- _Your task_
An exact transcript is required of the lines below, from the one containing "While the Onryo" through the very last; leave every picture out of it.

[Information shown]

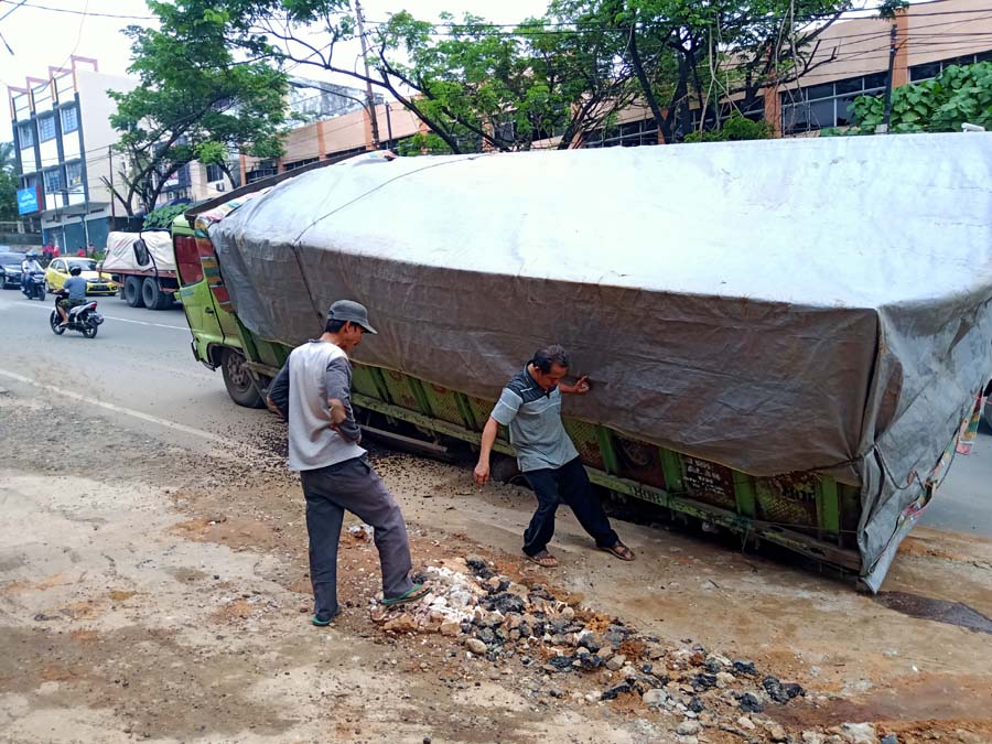 Tiba-tiba truknya langsung ambles dan terperosok di tengah jalan, tepatnya di depan supermarket Giant Kenten.
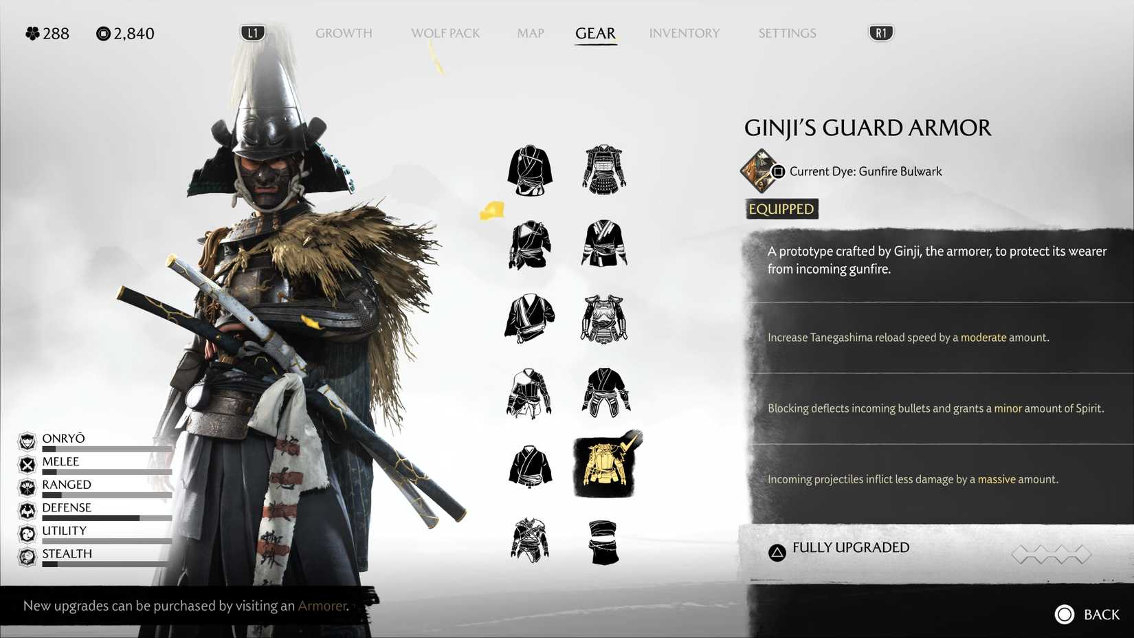 While the Onryo Armor's core abilities advance through story progression, you can still enhance its defensive properties through conventional means. Visit Ginji the Armorer at various inns throughout your journey to:
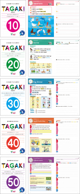 「考える」⇒「書く」⇒「伝える」を繰り返しながら、自分の意見を持ち英語を書けるようになる、全く新しいスタイルの英語ライティング教材です。TAGAKIを日本語で表記すると「多書き」です。単語ばかり100回書くとか、自分が言いたいことに関係のない英文を文法理解のために10回書いておぼえる、というような「多書き」ではありません。TAGAKI(10)から(50)まで5段階があり、各レベルで30のトピックを「考えて→書く→伝える」を繰り返すことで学習者は英語面でもメンタル面も成長してゆきます。

[/Information shown]

- _Result for this exercise_
 While the Onryo Armor's core abilities advance through story progression, you can still enhance its defensive properties through conventional means. Visit Ginji the Armorer at various inns throughout your journey to:
 「考える」⇒「書く」⇒「伝える」を繰り返しながら、自分の意見を持ち英語を書けるようになる、全く新しいスタイルの英語ライティング教材です。TAGAKIを日本語で表記すると「多書き」です。単語ばかり100回書くとか、自分が言いたいことに関係のない英文を文法理解のために10回書いておぼえる、というような「多書き」ではありません。TAGAKI(10)から(50)まで5段階があり、各レベルで30のトピックを「考えて→書く→伝える」を繰り返すことで学習者は英語面でもメンタル面も成長してゆきます。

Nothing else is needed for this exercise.